*** Source records Section Begins ***

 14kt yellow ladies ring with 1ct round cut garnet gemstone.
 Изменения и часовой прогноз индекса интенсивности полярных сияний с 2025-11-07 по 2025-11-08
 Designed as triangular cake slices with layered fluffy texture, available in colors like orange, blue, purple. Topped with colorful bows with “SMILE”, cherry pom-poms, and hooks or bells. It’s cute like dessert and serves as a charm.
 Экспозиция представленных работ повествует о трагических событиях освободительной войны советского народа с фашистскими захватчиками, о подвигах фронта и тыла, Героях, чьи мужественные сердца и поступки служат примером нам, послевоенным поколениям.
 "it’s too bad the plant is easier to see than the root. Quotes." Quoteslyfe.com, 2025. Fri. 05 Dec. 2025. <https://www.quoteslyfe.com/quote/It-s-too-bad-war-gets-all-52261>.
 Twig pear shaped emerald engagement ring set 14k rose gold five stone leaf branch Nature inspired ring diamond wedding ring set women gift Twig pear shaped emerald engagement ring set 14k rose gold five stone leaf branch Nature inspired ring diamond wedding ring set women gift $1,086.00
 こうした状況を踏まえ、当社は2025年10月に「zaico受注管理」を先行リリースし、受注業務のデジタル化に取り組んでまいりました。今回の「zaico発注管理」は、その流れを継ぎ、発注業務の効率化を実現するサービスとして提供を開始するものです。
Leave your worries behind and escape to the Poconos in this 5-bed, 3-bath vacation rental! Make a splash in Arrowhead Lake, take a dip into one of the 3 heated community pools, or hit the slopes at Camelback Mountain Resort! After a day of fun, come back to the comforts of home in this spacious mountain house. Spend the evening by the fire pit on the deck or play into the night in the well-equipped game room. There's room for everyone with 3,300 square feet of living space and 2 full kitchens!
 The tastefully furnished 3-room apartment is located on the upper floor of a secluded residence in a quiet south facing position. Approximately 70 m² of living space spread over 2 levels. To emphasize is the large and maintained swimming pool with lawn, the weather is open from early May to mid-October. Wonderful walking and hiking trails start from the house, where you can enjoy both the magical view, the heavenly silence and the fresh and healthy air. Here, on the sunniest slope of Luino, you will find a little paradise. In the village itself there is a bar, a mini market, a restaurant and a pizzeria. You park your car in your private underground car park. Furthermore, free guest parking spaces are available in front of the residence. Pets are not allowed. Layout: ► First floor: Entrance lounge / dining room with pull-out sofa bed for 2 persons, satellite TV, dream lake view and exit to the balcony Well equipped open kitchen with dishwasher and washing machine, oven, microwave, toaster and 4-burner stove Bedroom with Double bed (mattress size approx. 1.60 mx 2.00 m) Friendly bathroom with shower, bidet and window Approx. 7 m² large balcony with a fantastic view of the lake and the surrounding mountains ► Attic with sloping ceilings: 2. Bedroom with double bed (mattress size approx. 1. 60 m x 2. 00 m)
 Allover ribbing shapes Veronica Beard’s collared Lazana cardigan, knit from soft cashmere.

*** Source records Section Ends ***

Exercise: Print only these lines, please. They run from the start of the entries above to the line containing "Designed as triangular", both ends included, and must match exactly.

Answer below:
 14kt yellow ladies ring with 1ct round cut garnet gemstone.
 Изменения и часовой прогноз индекса интенсивности полярных сияний с 2025-11-07 по 2025-11-08
 Designed as triangular cake slices with layered fluffy texture, available in colors like orange, blue, purple. Topped with colorful bows with “SMILE”, cherry pom-poms, and hooks or bells. It’s cute like dessert and serves as a charm.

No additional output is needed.